# Dorsal Stripe



## bbredmom (Sep 30, 2008)

What breeds have a distinct dorsal stripe? I ask because my rescue doe Etta, as her nasty dry hair has been replaced by healthy hair, has developed a distinct, dark brown/black dorsal stripe. And as the boys have gotten healthier, they've also passed her in height by 4-5". I know one of the mini's has a dorsal, but for the life of me I can't remember. 

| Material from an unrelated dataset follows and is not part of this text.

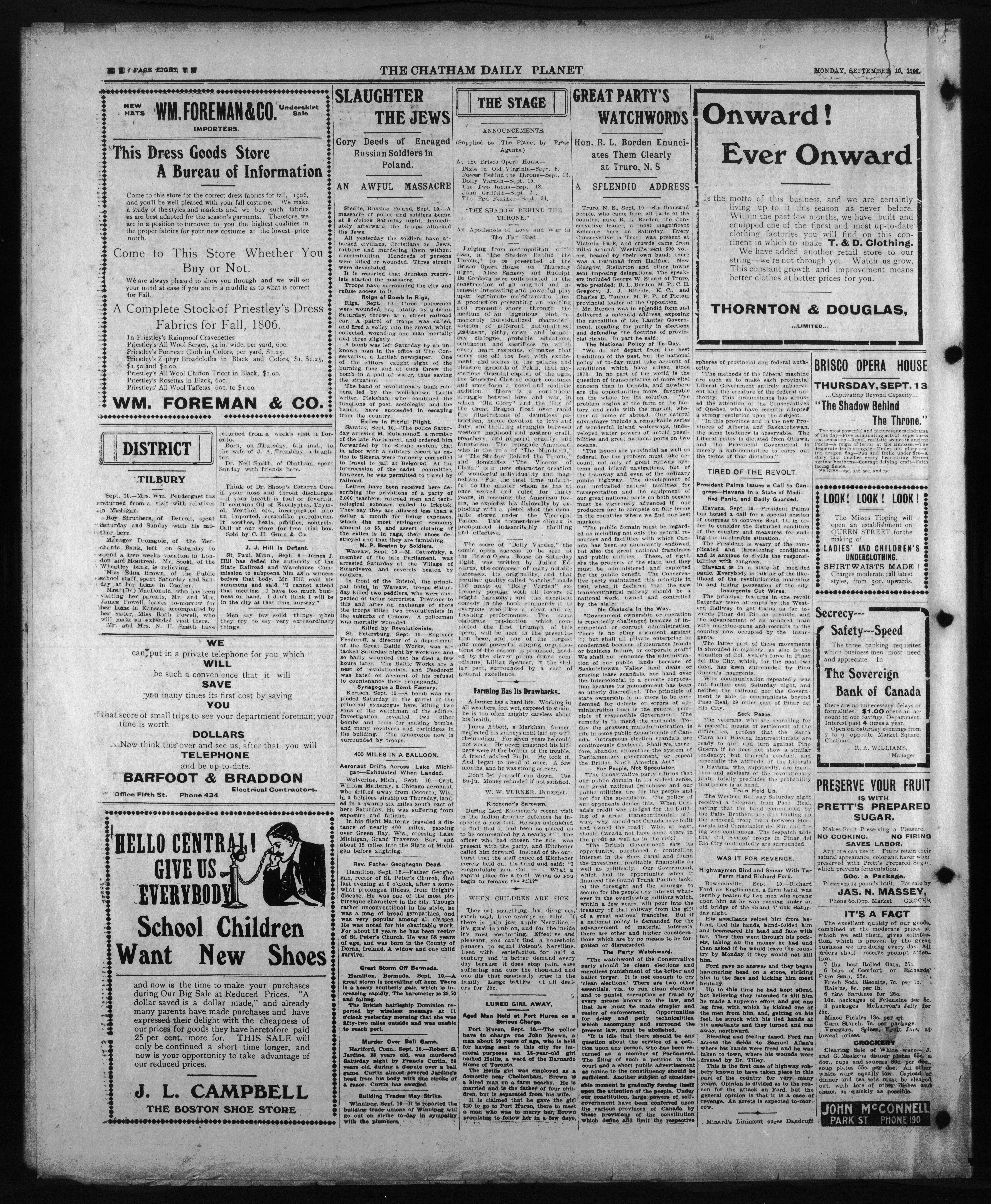 - The Chatham Daily Planet : Vol. XV, No. 218 (September 10, 1906)

Of course, when she pops soon, who knows what color her babies will be!


----------



## Amos (Oct 2, 2008)

I know a dorsal stripe is very common in Nubians, all of my Nubians and Nubian mixes have it.


----------



## capriola-nd (Jul 6, 2008)

I think pretty much any breed can have it (except a Saanen). Quite a few of our Nigerians have one. Chamoisee colored goaties have the "dorsal stripe."


----------



## StaceyRosado (Oct 5, 2007)

do you have a picture?

Most Oberhaslis only come reddish brown with a black dorsal stripe and black legs. Commonly called the Chamoise pattern. Nigerians & Alpines can be this color pattern too. I have seen Nubians with the color pattern but their floppy ears give them away as such.


----------



## KW Farms (Jun 21, 2008)

There are a lot of breeds that can have dorsal stripes. Just about any breed. A picture would help a lot. We could probably figure out what breed or mix she is.


----------



## sweetgoats (Oct 18, 2007)

I have had 4 babies born with a dorsal stripe this year and we have never had that before and the yare Cashmere.


----------



## liz (Oct 5, 2007)

Most all color patterns in pygmies have a dorsal stripe to go along with the other characterisic mrkings of the breed standard, carmels and agouti's almost always have the dorsal stripe. As was mentioned just about any breed can have it with the exception of Saanens as they are supposed to be either totally white or off white.


----------



## bbredmom (Sep 30, 2008)

I was uploading pics at work today, when I came acros some of the Pregnant Wonder Etta. You can kinda see the dorsal stripe.

Here is a side shot from a month or so ago. I cleaned the pen, dont worry!










Now, the Etta Theatre!

Hmmmmm, there appears to be something tasty under the hay manger....










Maybe if I shift.....










Nooo, push to the right...almost....










Ahhh, reached it. Yum, two week old pumpkin rinds!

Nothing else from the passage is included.